The Skills Funding Statement offered unpalatable certainty, but did it also help pave the way for the HMRC apprenticeship funding plan?

Adult apprenticeships emerged as a top funding priority for the government in the Skills Funding Statement last month, according to Mark Corney. He looks at the implications this might have for the HMRC funding plan and also 16 and 17-year-old apprenticeships

The skills funding statement (SFS), published alongside the Higher Education Funding Council for England grant letter, had some important implications for the reform of apprenticeship funding.

The statement confirms turning loan funding for 24+ level three and four apprenticeships into grant funding distributed at the moment to providers.

The decision to introduce individual loans for this group of adult apprentices was forced on the Department for Business, Innovation and Skills (BIS) by the Treasury at the last minute as part of Spending Review 2010.

Individual loans for 24+ level three and four FE courses were already agreed, but extra savings had to be found and so income contingent loans were extended to 24+ level three and four apprenticeships as well.

Always at odds with employer ownership and placing purchasing power into the hands of each employer over public funding of post-16 apprenticeships, the fact that all apprenticeship funding takes the form of grants means the Coalition is now in a position to take the next steps in routing public funding through HMRC system and introducing compulsory employer cash contributions.

More importantly, perhaps, the SFS removes any assumption about the minimum level of planned expenditure on adult apprenticeships within the grant funded adult skills budget (ASB).

In 2015/16, the grant-funded ASB is planned to be £2bn.

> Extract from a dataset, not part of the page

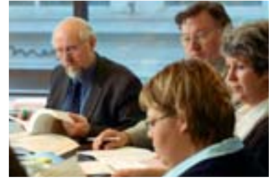
Í fjárlaganefnd sitja ellefu þingmenn en níu í öðrum fastanefndum.

Þingnefndirnar kjósa sér formann og varaformann. Þeir geta hvort heldur er verið úr röðum stjórnarliða eða stjórnarandstæðinga. Nefndirnar eiga fasta fundartíma á morgnana fjóra daga vikunnar á þingtímanum. Utanríkismálanefnd hefur nokkra sérstöðu þar eð hún er ríkisstjórninni til ráðuneytis um meiri háttar utanríkismál. Skal og bera undir nefndina slík mál, jafnt á þingtíma sem í þinghléum. Hver fastanefnd hefur starfsmann, nefndarritara, sem undirbýr fundi, ritar fundargerðir, aðstoðar við gerð nefndarálita og breytingartillagna og aflar upplýsinga og vinnur úr þeim.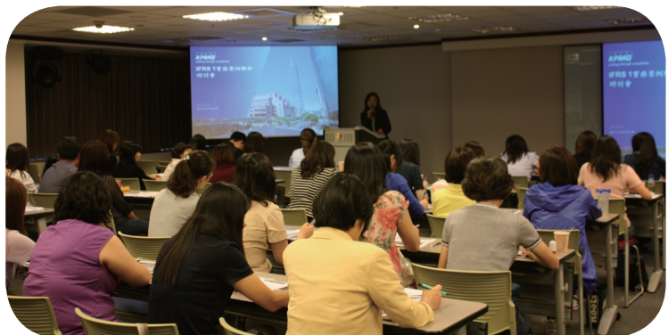
配合期貨商財報將於 102.1.1 起適用 IFRSs，為協助業者導入 IFRSs，自 100 年起辦理多場宣導課程。

Although the precise details of the HMRC system to be used and the alternative for small businesses are important, they are second order issues

The SFS emphasises that funding of adult apprenticeships is the top priority for public support with 19 to 24 traineeships and training for unemployed adults a close second and third.

Previous SFS announcements placed a minimum level of grant and loan funding in cash terms for adult apprenticeships of £770m for 2014/15.

Given that funding for adult apprenticeships is the top priority for public funding and the Prime Minister in the New Year championed more 18 to 24 apprenticeships, a fair judgement is that the sky is the limit within the £2bn ASB.

In effect, BIS wants employers to drive up demand for adult apprenticeships to the maximum available from the ASB.

Apart from the political consensus for more apprentices, especially for 18 to 24-year-olds, and the economic benefits apprenticeships bring, there are specific reasons for wanting spending on adult apprenticeship to be higher than £770m.

In 2013/14, planned spending by the Department for Education on 16 to 18 apprenticeships was £810m. Adding this allocation to the minimum level of planned expenditure by BIS on adult apprenticeships of £770m gives a total of about £1.6bn.

This is not a large sum of public spending in the scheme of things to involve HMRC in its distribution to each employer participating in post-16 apprenticeships. And indeed, less than £1.6bn might need to be routed through HMRC systems if an alternative approach is required for small firms supporting apprentices.

In other words, bumping up spending on adult apprenticeships and in turn overall planned expenditure to more than £1.6bn, whatever the decision for small firms strengthens the case for harnessing large scale national systems operated by HMRC.

A biblical flood requires help from the military: the odd river bursting its banks does not.

A technical specification for the new apprenticeship funding system is due to be published in the spring. But there are critical policy decisions the Coalition must also make.

Although the precise details of the HMRC system to be used and the alternative for small businesses are important, they are second order issues.

The first order issue remains compulsory employer cash contributions (CECCs). More specifically, the Coalition must decide whether it is sensible for CECCs to apply to apprentices starting at 16 and 17 given that the numbers doing so are only 25,000 and 35,000 respectively.

CECCs for 16 to 17-year-olds could weaken employer demand at a time when raising of the participation age to the 18th birthday requires this age group be in some form of education and training.

England has a small 16 to 17 apprenticeship sector, but a growing adult apprenticeship sector. Decisions on CECCs for 16 to 17 apprenticeships will determine whether this sector of the apprenticeship system survives or withers further away.